One judgment I, at least, would rather have recovered than any of theirs. It has not been communicated. I mean that of Doctor Johnson. For Doctor Johnson some months later stood by the side of his young girl friend, behind the balustrade at Fontainebleau, watching curiously with his aged and imperfect eyes this young Queen at the public ceremony of the Sunday Feast. The old, fat, wheezy man, who now seems to us England incarnate, stood there in the midst of the public crowd behind the railing, blocking its shuffling way as it defiled before royalty dining, and took in all the scene. The impression upon a man of such philosophy must have been very deep. I believe we have no record of that impression remaining.[[2]]

[2]. The life of Doctor Johnson has become an object of such wide national study that more than one reader may be acquainted with his judgment of the scene. If it exists, it should be published to the advantage of history.

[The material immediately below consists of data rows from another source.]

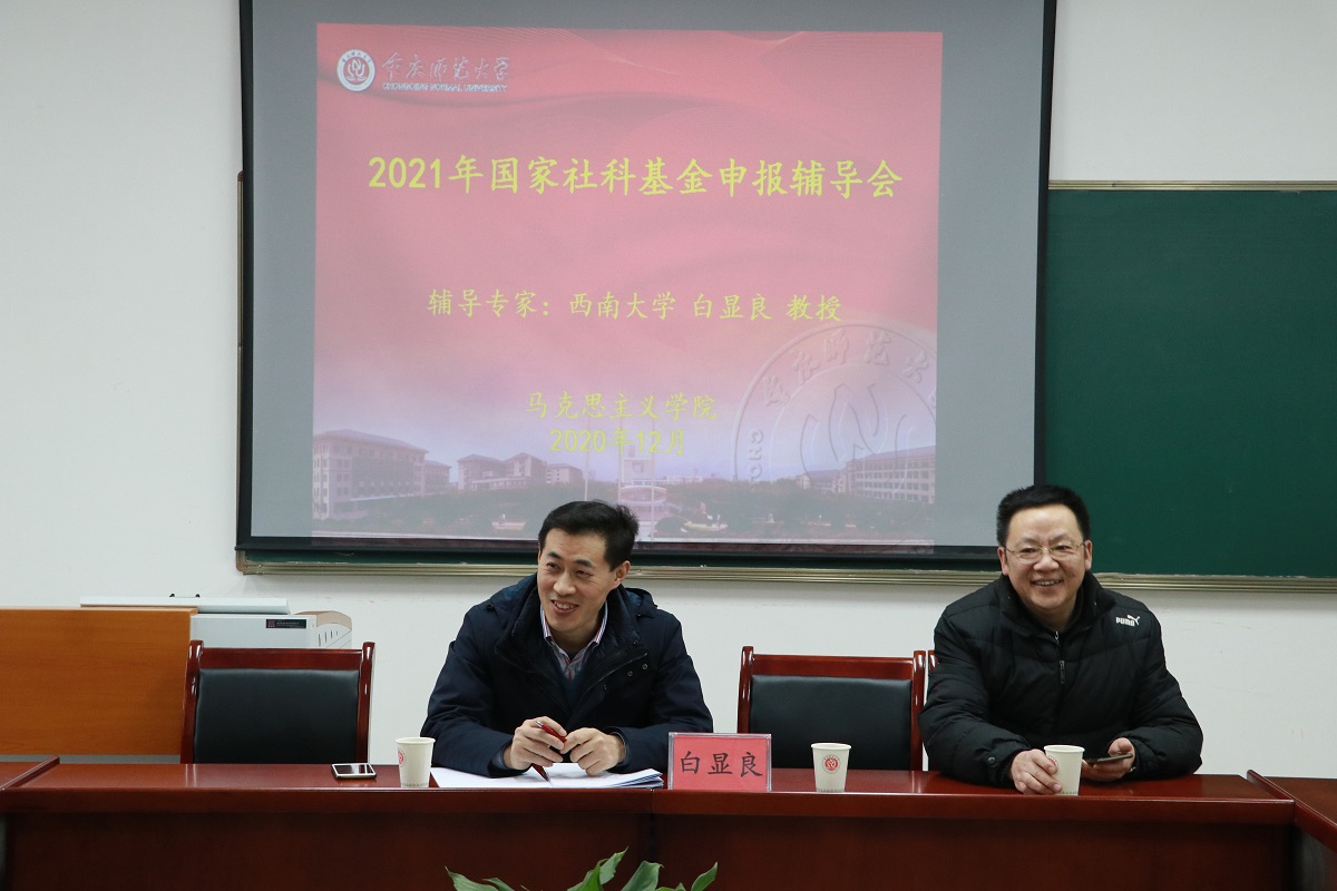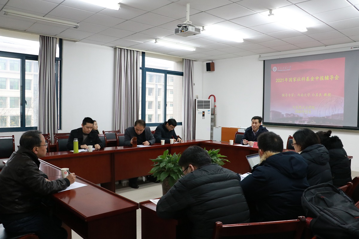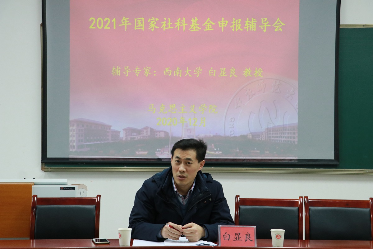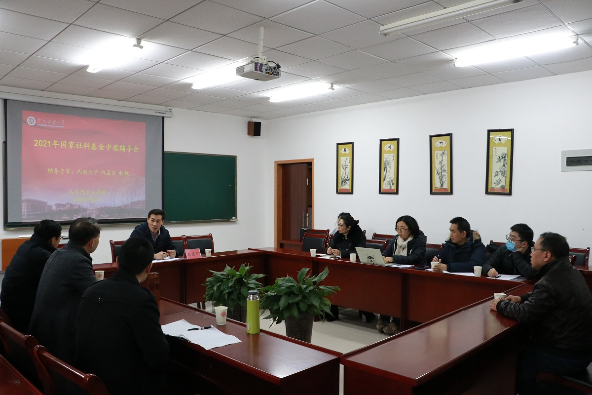 2020年12月29日下午,应我院邀请,西南大学2138cn太阳集团古天乐院长白显良教授在学院309会议室为我院教师作2021年国家社科基金申报辅导。我院拟申报2021年国家社科基金的老师们参会。活动由院长陈洪教授主持。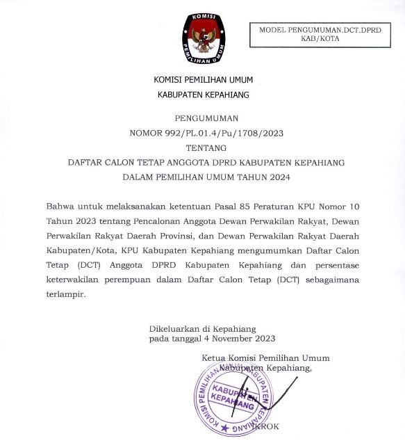 Pengumuman Daftar Calon Tetap (DCT) Anggota Dewan Perwakilan Rakyat Daerah Kabupaten Kepahiang Dalam Pemilihan Umum Tahun 2024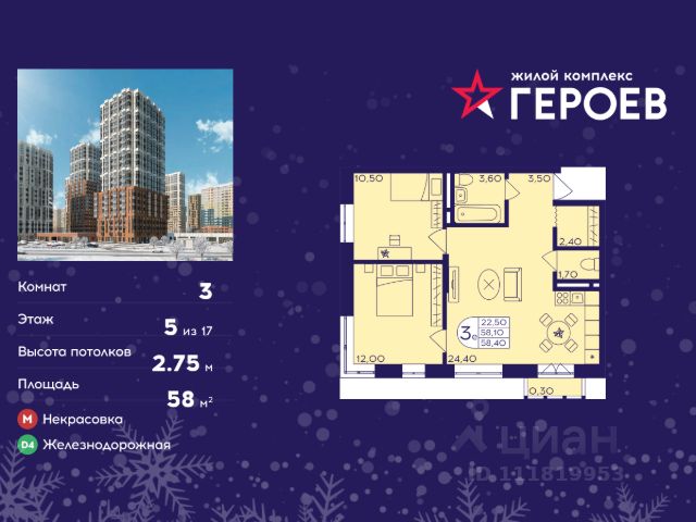 Продаётся 3-комнатная квартира в формате евро 58.00 кв. м. в жилом комплексе "Героев" в Балашихе, Железнодорожный. Квартира расположена на 5 этаже 407 корпуса. В наличии квартиры с отделкой. Всего 40 минут до центра Москвы. При покупке квартиры в сданном доме ключи выдаются сразу! Жилой квартал "Героев" - это уютный проект для семей с детьми. В квартале созданы все условия для досуга всех возрастов: игровые и спортивные площадки, места для отдыха и прогулочные зоны. За 15 минут можно дойти от дома до Ольгинского лесопарка, популярного места для отдыха на свежем воздухе. На территории жилого комплекса уже открыт детский сад на 250 мест и началось строительство еще одного - для 220 малышей, а также школы для 1320 учеников. Рядом работают магазины, кафе, супермаркеты, пункты выдачи. Преимущества: • В уютных светлых квартирах с просторными кухнями-гостиными удобно встречать гостей и проводить время наедине друг с другом. • Благодаря увеличенному остеклению в комнатах много света. • Квартиры продаются с отделкой, можно заселяться сразу после получения ключей.

Though Marie Antoinette’s carriage and her manner had founded of her so beneficent a legend abroad and had begun in her new home so much of her future disaster, with those who knew her most intimately and who were of her own blood, with the Hapsburgs of Vienna, her conduct, certainly not queenly, seemed not even tragic. They scolded sharply, and the Emperor, her brother, crowned a series of violent notes by one so violent that Maria Theresa kept it back. To her childlessness (which was for them a fault in her), to her conduct (which her own family who had known her as a child exaggerated at such a distance) was added the exasperation of remembering that with some elementary caution she might have acted as the agent of the allied Austrian Court whose daughter she was; they were angered in Vienna to see that, instead of so acting, she wasted her position in private spites and private choices.